The Cisco work is general-purpose. In your environment, you want to specialize:

If you have agents with shell / code tools, bias testing towards command and code-generation threats.

If you embed model outputs into HTML or docs, prioritize manipulation / misinformation and XSS-style threats.

If the main risk is data exfiltration, focus on extraction prompts, schema discovery, and “helpful” queries that cross trust boundaries.

The report’s list of high-success subthreats is a good starting seed for internal test suites, but your own architecture should drive the final mix.

5. Keep iterating as models and defenses change

One subtle point from the paper: because testing uses another LLM as the “attacker” and “judge”, there is inherent noise in the measurements. You should expect some false positives / negatives and variations across runs.

That’s not an excuse to ignore the results. It’s a reminder that:

You need regression: replay the same attack suites after every major model or policy update.

You need trend-lines, not single data points: “our multi-turn jailbreak rate is dropping over time” is more important than the exact number on any given day.


Final thoughts

Death by a Thousand Prompts doesn’t reveal a brand-new vuln class. It does something more uncomfortable: it tells us that many of the current “aligned” open-weight models are only aligned in a very narrow sense.

They behave well when you talk to them like a benchmark.
They behave much less well when you talk to them like an attacker.

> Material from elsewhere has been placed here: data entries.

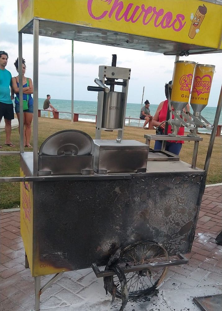 Um carrinho de churros pegou fogo e assustou quem transitava na orla do bairro da Jatiúca, em Maceió, na tarde desta quarta-feira (9).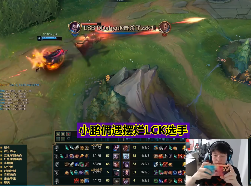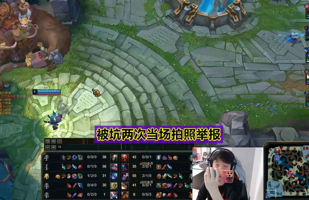 第二局又用出了薇古丝中单,果不其然中路被单杀之后,干脆站在泉水里面不动了,似乎是想要动一下,以免被系统警告,随后走到了高地塔面前发展。这两波之后,小鹏也是彻底被惹毛了,一查战绩才得知这是LCK的一名选手,果断掏出手机就来了一个拍照举报正义执法。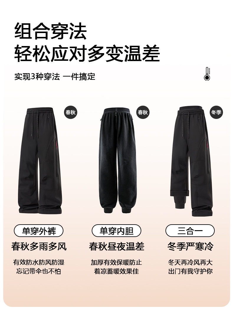 Wassup Cmkpo Three-In-One Softshell Pants for Men and Women, Autumn and Winter Fleece-Lined and Thickened Mountaineering and Skiing Work Pants

If you’re building or testing AI systems today, that should change how you budget your time:

Fewer hero demos of “look, it refused this prompt”.

More boring, systematic multi-turn abuse until you understand where it actually cracks.

More investment in defenses that assume the model will get jailbroken eventually, and make sure that’s just an annoying log entry rather than an incident report.

The thousand prompts are coming either way. Better they come from your own red-team lab than from someone else’s playbook.